■ DATA SHOWN:
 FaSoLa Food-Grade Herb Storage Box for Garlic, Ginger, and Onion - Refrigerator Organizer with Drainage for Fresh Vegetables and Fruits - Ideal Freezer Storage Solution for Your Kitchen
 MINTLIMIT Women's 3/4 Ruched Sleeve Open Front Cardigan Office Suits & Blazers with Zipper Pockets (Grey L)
---
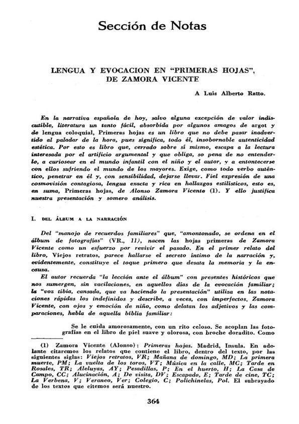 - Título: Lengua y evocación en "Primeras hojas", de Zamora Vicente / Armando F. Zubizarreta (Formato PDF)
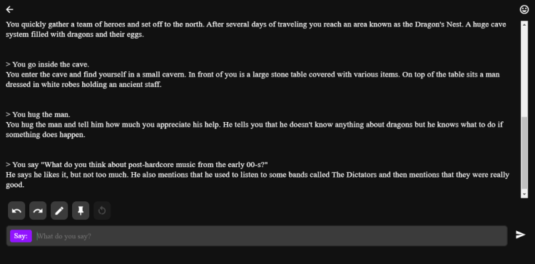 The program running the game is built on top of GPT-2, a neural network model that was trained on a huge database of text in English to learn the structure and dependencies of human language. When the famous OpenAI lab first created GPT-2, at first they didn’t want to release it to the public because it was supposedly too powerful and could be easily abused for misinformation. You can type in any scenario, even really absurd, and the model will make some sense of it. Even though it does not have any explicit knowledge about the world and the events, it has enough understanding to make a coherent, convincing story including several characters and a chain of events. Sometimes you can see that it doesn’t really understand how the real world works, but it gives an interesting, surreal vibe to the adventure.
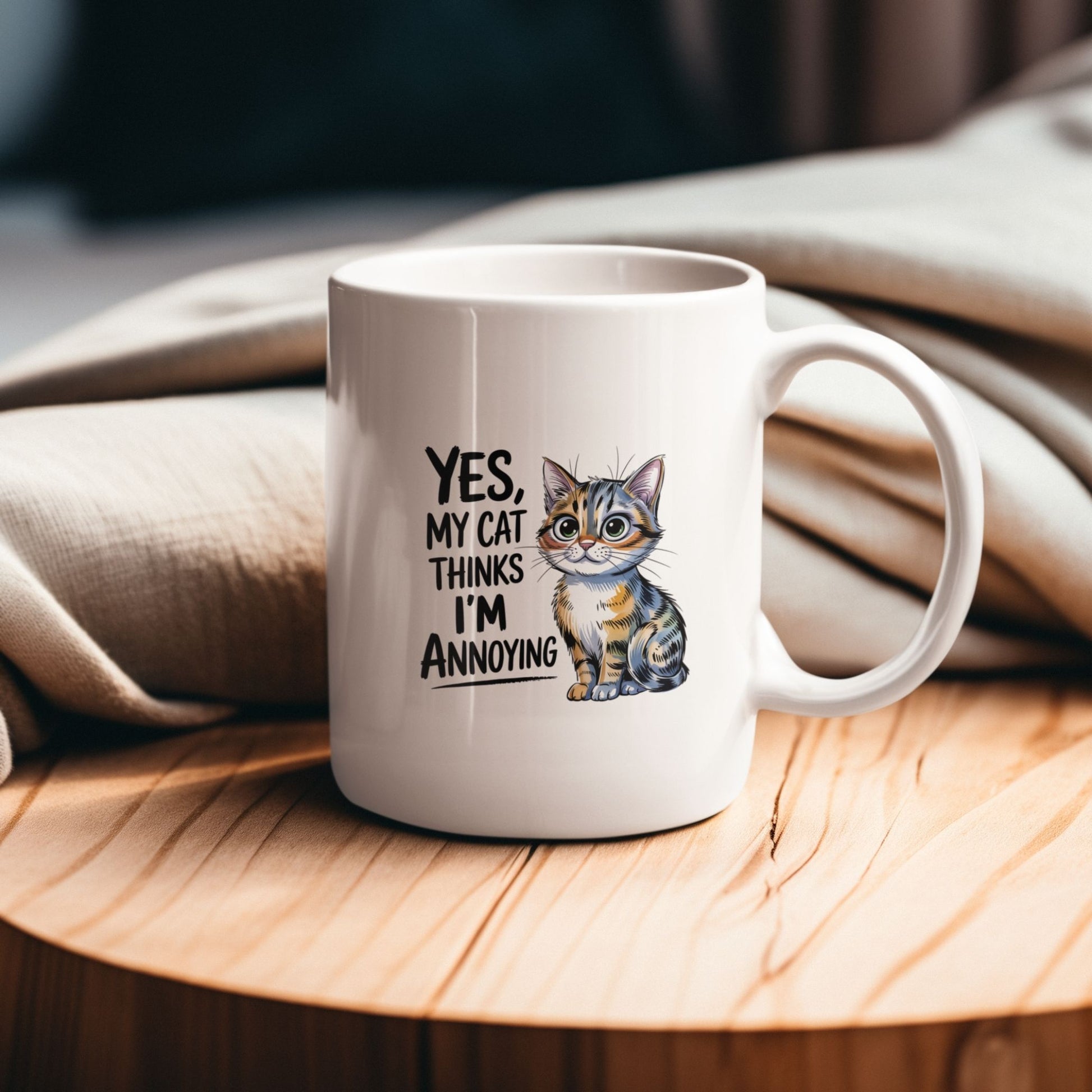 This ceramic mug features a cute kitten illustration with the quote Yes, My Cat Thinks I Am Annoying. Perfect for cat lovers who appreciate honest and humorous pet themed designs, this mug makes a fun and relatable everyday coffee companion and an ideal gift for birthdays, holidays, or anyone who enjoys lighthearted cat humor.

■ EXERCISE PROMPT: Please reproduce the lines from the line with "FaSoLa Food-Grade Herb" to the line with "MINTLIMIT Women's 3/4", both ends included, exactly as they appear above.

■ SOLUTION BELOW:
 FaSoLa Food-Grade Herb Storage Box for Garlic, Ginger, and Onion - Refrigerator Organizer with Drainage for Fresh Vegetables and Fruits - Ideal Freezer Storage Solution for Your Kitchen
 MINTLIMIT Women's 3/4 Ruched Sleeve Open Front Cardigan Office Suits & Blazers with Zipper Pockets (Grey L)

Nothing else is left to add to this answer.